TASK PROMPT | If a record holds a picture, omit the picture, but copy everything else below exactly.

◇ ◇ ◇ ◇ ◇

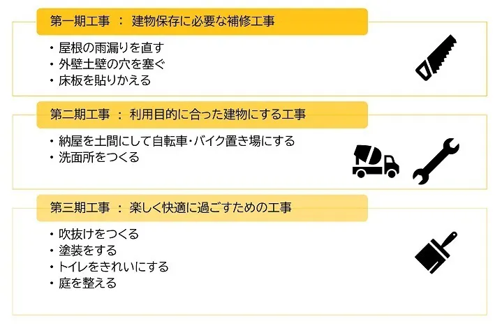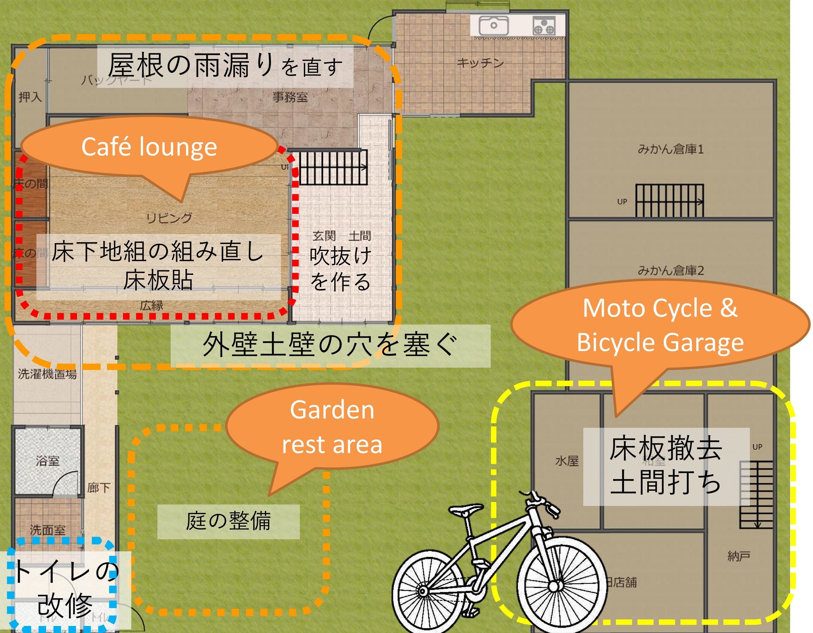 この「古民家カフェ&ロードランナーズハウス」がオープンするまでの期間は、改修工事をワークショップ形式で進めていきます。
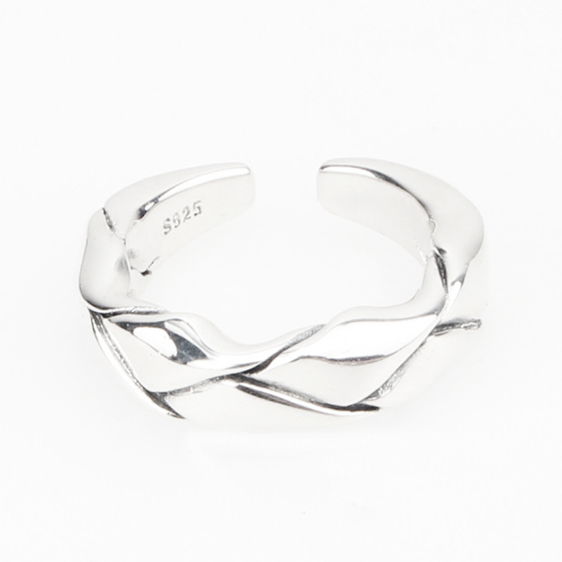 s925纯银饰简约光面菱形开口戒指男百搭个性日韩潮流食指环送男友
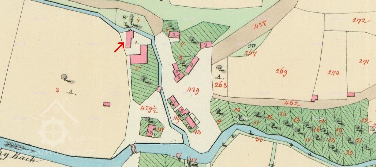 1908 majitel Marie Volgnerová, osazena vodní značka MV 1908
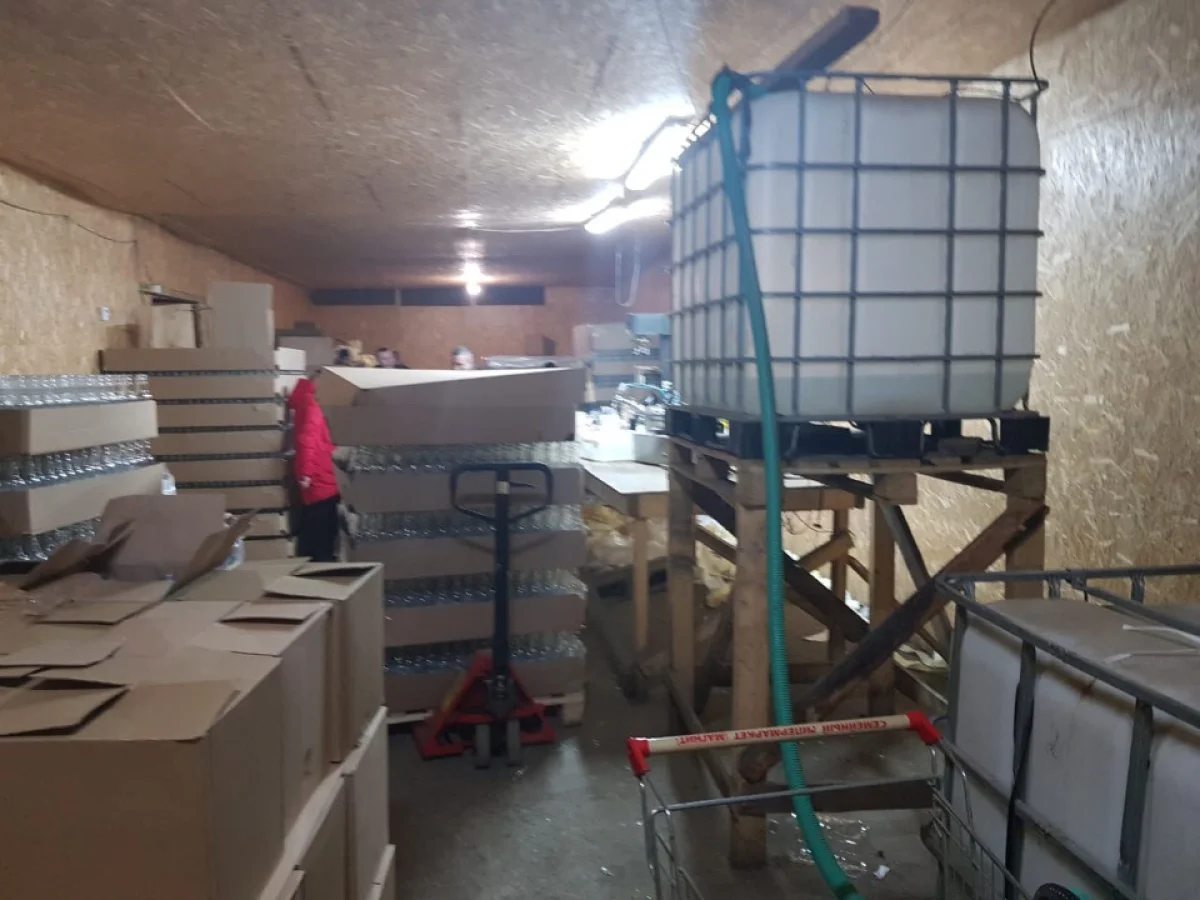 В нескольких помещениях находились ручная линия по розливу и упаковке алкоголя, почти 2 500 бутылок объемом 0.5 л с водно-спиртовой смесью, тара, колпачки, поддельные акцизные марки, более 1300 л водно-спиртовой смеси.
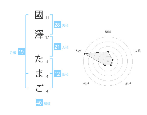 國澤 たまごさんの総格は40画の2点!
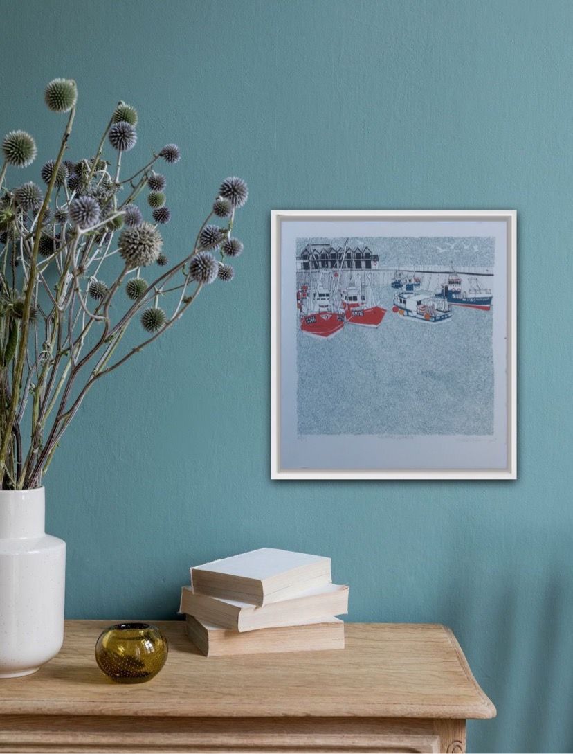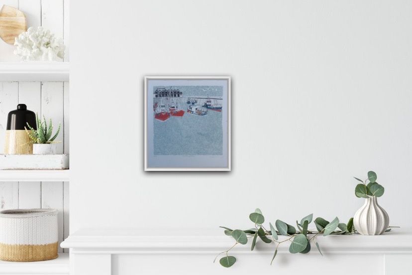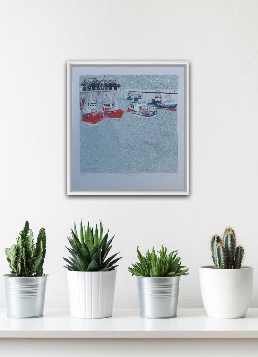 Clare Halifax Whitstable Harbour Limited Edition Print Silk Screen Print Edition of 75 Image Size: H 23cm x W 23cm Paper Size: H 25cm x W 25cm Signed Sold Unframed Please note that any insitu images are purely an indication of how a piece may look. Whitstable Harbour is a limited
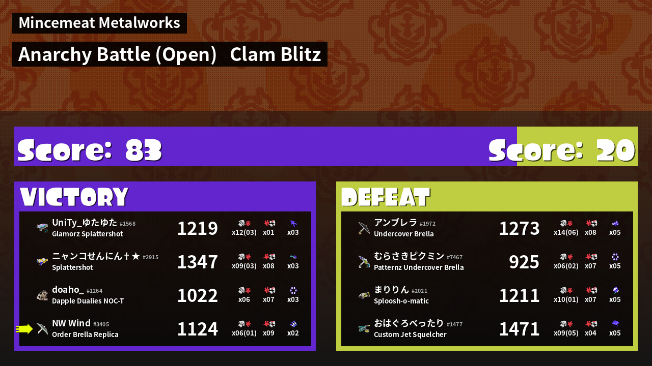 | Mode | Clam Blitz - Anarchy Battle (Open) | ||
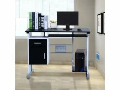 – Tablette coulissante pour clavier (autobloquante pour se transformer en plan de travail). Largeur 74,2 cm x Profondeur 50 cm
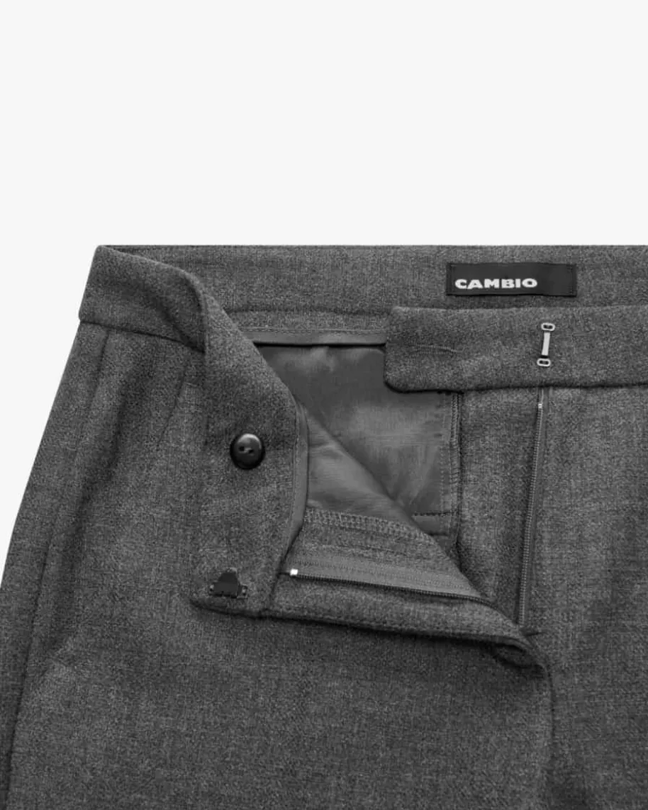 Krystal 7/8-Hose für Damen von Cambio in Anthrazit. Mit zulaufendem Schnitt undweicher Stoff-Qualität überzeugt die Hose des femininen Modelabels, währendklassische Details sowie Bügelfalten und der breite Hosenaufschlag einstilsicheres Highlight für sowohl modische Casual-Looks als auch zeitloseBusiness-Outfits schaffen.

◇ ◇ ◇ ◇ ◇

RESPONSE BOX |
 この「古民家カフェ&ロードランナーズハウス」がオープンするまでの期間は、改修工事をワークショップ形式で進めていきます。
 s925纯银饰简约光面菱形开口戒指男百搭个性日韩潮流食指环送男友
 1908 majitel Marie Volgnerová, osazena vodní značka MV 1908
 В нескольких помещениях находились ручная линия по розливу и упаковке алкоголя, почти 2 500 бутылок объемом 0.5 л с водно-спиртовой смесью, тара, колпачки, поддельные акцизные марки, более 1300 л водно-спиртовой смеси.
 國澤 たまごさんの総格は40画の2点!
 Clare Halifax Whitstable Harbour Limited Edition Print Silk Screen Print Edition of 75 Image Size: H 23cm x W 23cm Paper Size: H 25cm x W 25cm Signed Sold Unframed Please note that any insitu images are purely an indication of how a piece may look. Whitstable Harbour is a limited
 | Mode | Clam Blitz - Anarchy Battle (Open) | ||
 – Tablette coulissante pour clavier (autobloquante pour se transformer en plan de travail). Largeur 74,2 cm x Profondeur 50 cm
 Krystal 7/8-Hose für Damen von Cambio in Anthrazit. Mit zulaufendem Schnitt undweicher Stoff-Qualität überzeugt die Hose des femininen Modelabels, währendklassische Details sowie Bügelfalten und der breite Hosenaufschlag einstilsicheres Highlight für sowohl modische Casual-Looks als auch zeitloseBusiness-Outfits schaffen.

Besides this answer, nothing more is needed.